Los ritos en la mayor parte de los casos se realizan ante testigo, familiares normalmente. Además de ayudar al sacerdote que «al enfrentarse a una fuerza sobrenatural se expone a patadas, golpes poniendo en peligro su propia vida», sirve de garantía para que la persona poseída «por influencia del demonio no acuse al sacerdote de que la estaba agrediendo».

No creyentes

Tras explicar la consecuencia, el responsable de San Campio se adentra en las causas. «En la mayor parte de los casos las personas viven alejadas de Dios», independientemente de género o edad, por eso es necesario «orientar a la persona».

Hay cuatro causas principales por las que se producen las posesiones. La primera, «por participar en ritos satánicos», como la güija, con lo que «se queda ligado al demonio».

Otro de los motivos es la «consagración de un niño al demonio por parte de sus padres que realizan prácticas satánicas». Una de las más comunes es «el pacto con el demonio». En estos casos «se pacta rendir culto al demonio a cambio de que eche abajo un negocio, arruine a esta familia». En cuarto lugar se encuentran «los maleficios».

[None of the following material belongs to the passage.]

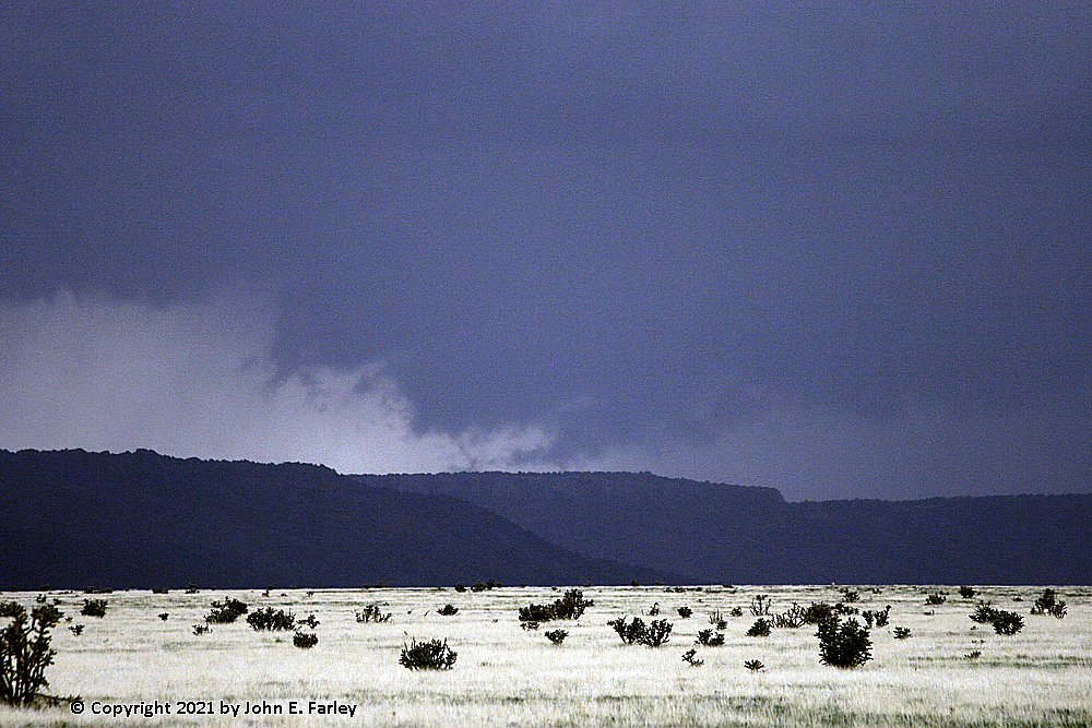 I continued through Branson and up the mesa into NM. About 3 miles in, I came to a place with open fields and a fairly clear view of the now very-impressive meso. The bottom was blocked by the highest part of the mesa, but considering that I was in wooded, mountainous terrain, this spot had an amazingly good view, and still an internet connection, too. The meso tightened up and extended to somewhere lower than I could see over the mesa - for a short time I thought it had something of the look of a tornado, but that did not last long, and in any case I could not see the lowest part of it due to the mesa - but what I could see looked impressive:

«En nuestros tiempos, consciente o inconscientemente se le ha dado la espalda a Dios», considera el Padre Portela y la «lejanía de Dios y de los actos de la religión» tienen una repercusión directa.

Ahora, «los cristianos se avergüenzan de llevar una cruz o una medalla de la Virgen que puede servir de protección» y «los cambian por símbolos paganos e incluso satánicos, a veces sin darse cuenta».

Por eso invita a que se reconduzca el camino que aproxima más a Dios y que los jóvenes «abandonen la tendencia aventurare en relación a cuestiones satánicas como puede ser la güija», concluye.

Para creyentes, escépticos, críticos o curiosos, el espíritu y la influencia de Dios o Lucifer, ángel caído, seguirá siendo, en el subconsciente colectivo, objeto de reflexión. «Resiste al demonio y él huirá de ti» (Santiago 4:7).